Carr: I either live there now, or I have lived there in the past. Originally I wanted to learn about the technicalities of blogging, and I just starting making up these ridiculous stories about Hillcrest, and I had so much fun doing it, I kept cranking them out. I think I did five the first day. There was a lot of buzz right off the bat, because people related to it. There wasn't any reporting. It wasn't a journalism site at all.

AT: When and why did you start incorporating more actual news?
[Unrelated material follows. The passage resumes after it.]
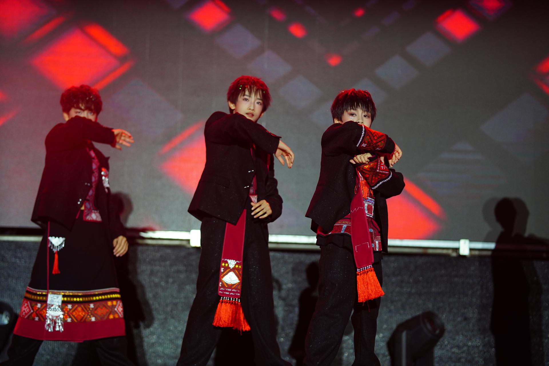 民族國潮音樂節(jié)是整場活動(dòng)的高潮,三大篇章層層遞進(jìn),用音樂與舞臺藝術(shù)詮釋非遺文化的傳承脈絡(luò)。第一篇章“非遺・源” 以大型綜合歌舞劇為載體,原生態(tài)民歌的清亮旋律、壯族天琴彈唱的悠揚(yáng)曲調(diào)、原生態(tài)民族舞蹈的靈動(dòng)身姿,搭配身著壯錦盛裝的演員走秀——服飾上的 “萬字紋”“水波紋” 在燈光下熠熠生輝,仿佛將觀眾帶回民族文化誕生的源頭,沉浸式感受傳統(tǒng)文化的厚重。第二篇章 “非遺・承” 聚焦青春力量,南國少年團(tuán)帶來量身打造的國潮表演:唱跳曲目融入壯族元素的歡快旋律,說唱歌詞講述非遺傳承的當(dāng)代故事,年輕演員們充滿活力的演繹,展現(xiàn)出青少年對民族文化的創(chuàng)新理解,讓傳統(tǒng)與青春碰撞出別樣火花。第三篇章“非遺・燃” 邀請無限活力組合等廣西本土知名歌手與音樂組合登臺,他們將壯族山歌的高亢曲調(diào)與現(xiàn)代電子音樂的強(qiáng)烈節(jié)奏相結(jié)合,傳統(tǒng)歌詞經(jīng)潮流編曲后,既保留民族韻味,又充滿時(shí)尚感,熟悉的旋律瞬間點(diǎn)燃現(xiàn)場,臺下觀眾跟著節(jié)奏揮舞手臂,形成熱烈的互動(dòng)氛圍。
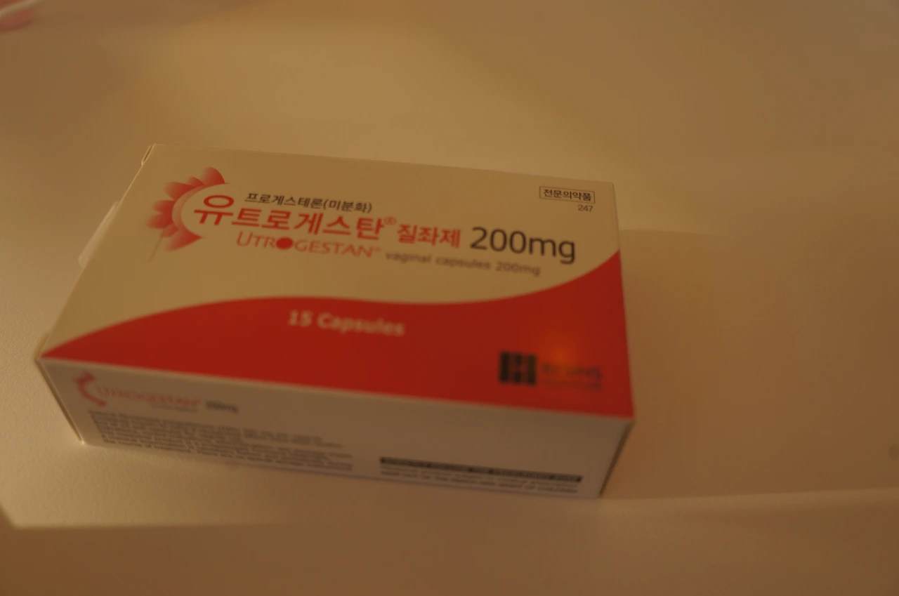 약국에서 처방전을 내고, 유트로게스탄 질정 두 박스를 샀다.

Carr: It's kind of evolved. First it was fiction, then it was about exploring, then it was about history, then it was about crime. We had this big story back in November of 2010 about the catnapper. And I was all about that story, but that confused it, because it was very similar to the Pug Strangler [an earlier Forbidden Hillcrest story], which was not true. The reason I started doing true stories is, I would come across things that were just as interesting as anything I made up, and people like true stories better than made-up stories. And there's a lot of crime, but not a lot of crime reporting, so there's a hole in the market there. Even if it's small, if it's in somebody's block, they care a lot about it.

AT: Sometimes it's difficult to know what's true and what isn't on Forbidden Hillcrest. Is this intentional?

Carr: It isn't intentional. The catnapper was reported by all the papers and TV channels. ... Now, if I make up a story, I make it so ridiculous that you don't have to ask. Now it's straight journalism. I do post fiction on the site, but it should be clear to a reasonable person that it's fiction. The Children's Vigilante Network is not real.

AT: What about the Italian UFO Cult?

Carr: Everybody thinks that's phony. That's a 100 percent true story.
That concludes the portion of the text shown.